Çarşamba, Mart 09, 2011

Retext(ur)ing the city #2

Imagining cities
Cities are not simply material or lived spaces, they are also spaces of the imagination and spaces of representation (Westwood, 1997).

The public imaginary about cities is itself part constituted by media representations as much as by lived practices. Ideas about cities, are not simply formed at a conscious level, they are also a product of unconscious desires and imaginaries.

Any representations and imaginaries are bound to be in a state of flux and will also be subject to contestation by those who feel excluded or on the margins of dominant imaginary.

Imagination is powerful and translated into policy and through the mechanisms of governance it has its effects.

The idea of the city as a crucible for ideas and imagination has a long history -back to the very origins of urbanism in fact.
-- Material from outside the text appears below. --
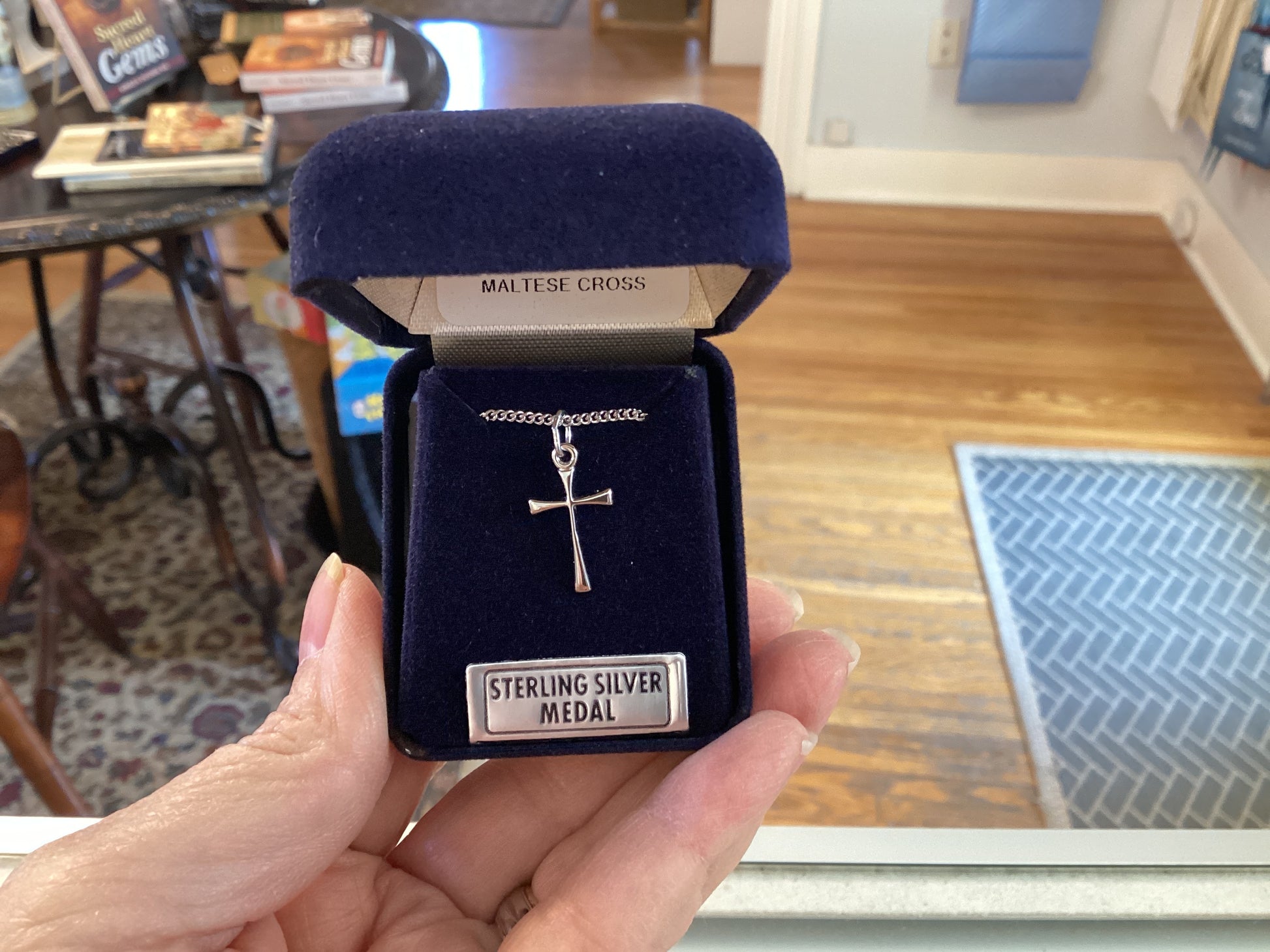 Gold Gfilled Maltese Cross Pendant on a 18 inch Gold filled Light Curb Chain.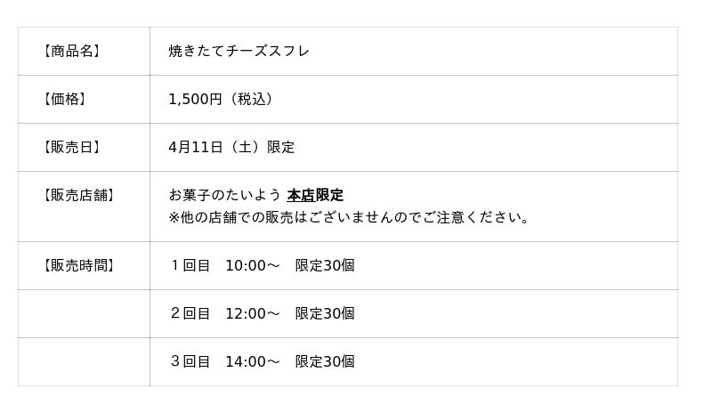 株式会社太陽社(所在地:千葉県匝瑳市飯倉293、代表取締役:片岡正裕)が展開する千葉県で長年愛される菓子店「お菓子のたいよう」は、毎年即完売となる大人気スイーツ「焼きたてチーズスフレ」を、4月11日(土)の1日限定で今年も販売いたします。ふわっふわ・ぷるんぷるん、そしてシュワっと消える独特の食感と濃厚なチーズの味わいでファンを魅了し続ける、"焼きたて"でしか味わえない特別なスイーツ。年に一度だけの特別なチャンスです。

What makes cities extraordinary is that they contain sites where the senses are bombarded and these can be read as a source of pleasure -the Spice Market in Istanbul or the street markets of Hanoi, or displeasure, as in the rush hour spaces of underground stations.

For pro-urbanists and city lovers, cities are imagined as spaces of opportunity, of the co-mingling of strangers, as spaces of excitement, difference, cosmopolitanism and interconnection, and as spaces of culture, engagement, enchantment, fluidity and vibrancy.
Anti-urban imaginaries…as a site of anomie, alienation, corruption, ill health, immorality, chaos, pollution, congestion and a threat to social order.

Urban designs and city plans have often embodied, implicitly or explicitly, some version of anti-urbanism which evokes the city as a place to be tamed and ordered and made predictable.

Gary Bridge & Sophie Watson, “Retext(ur)ing the city”, in City, vol.5, no.3, pp.350-362.